The Giocosos had Ravel of their own to contribute to their triple-anniversary recital: an account of the String Quartet in F major, caught on the wing of the composer’s relatively youthful inspiration. The languor and reserve of the opening movement flowed naturally out of Enescu’s quartet: Fauré was Ravel’s teacher too, after all, as well as the dedicatee of the quartet. Led by the Romanian violinist Sebastian Câșleanu, the Giocosos lean towards a modern quartet sound, light on vibrato, which places a higher price on transparency than opulence. A touch more tender affection would not have gone amiss in the Lento: their approach underlined Ravel’s “intermezzo” subtitle, and brought to mind Boulez conducting Ma mère l’Oye.

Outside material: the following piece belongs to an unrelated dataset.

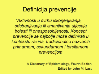 John Last je legendarna figura na području prevencije, mnogima poznat kao "otac prevencije" John Last imao je akademski položaj pri Britanskom vijeću za medicinska istraživanja u Londonu, na sveučilištima Sydneya, Vermonta (USA) i Edinburgha; bio je profesor epidemiologije i javnog zdravstva na sveučilištu Ottawa od 1969. Bio je urednik 11., 12. i 13. izdanja Public zdravlj and Preventive Medicine, te počasni urednik 14. izdanja ("Maxcy-Rosenau-Last"); urednik 1., 2., 3. i 4. izdanja Dictionary of Epidemiology, i author 1. i 2. izdanja Public zdravlj i Human Ecology. |
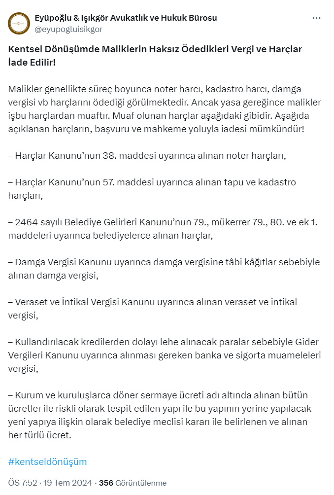 Eyüpoğlu - Işıkgör Avukatlık ve Hukuk Bürosu, resmi sosyal medya hesabı üzerinden yaptığı paylaşımda kentsel dönüşümde maliklerin haksız ödedikleri vergi ve harçların iade edileceğini kaydetti.

Where Borac had exercised monastic restraint in the Enescu, she returned after the interval to give full value to the concertante piano writing in Shostakovich’s Piano Quintet. The slow fugue brought the tight collective identity of the Giocosos into sharp focus, as a dawn chorus of mournful birds, with barely a leaf between them in tonal colour. Without resort to high-intensity bowing or vibrato, they built the shape of the fugue inexorably, and earned themselves breadth in the coda, accompanied by Borac’s piano asking all the right, probing questions of her colleagues. The tightly wound string of the whole recital then unspooled with a vengeance in the furioso coda to the central Intermezzo. True to form, Borac and her colleagues did not seek portentous resolution in the finale but left the threads of its quizzical conclusion loose, in an authentically Shostakovichian enigma.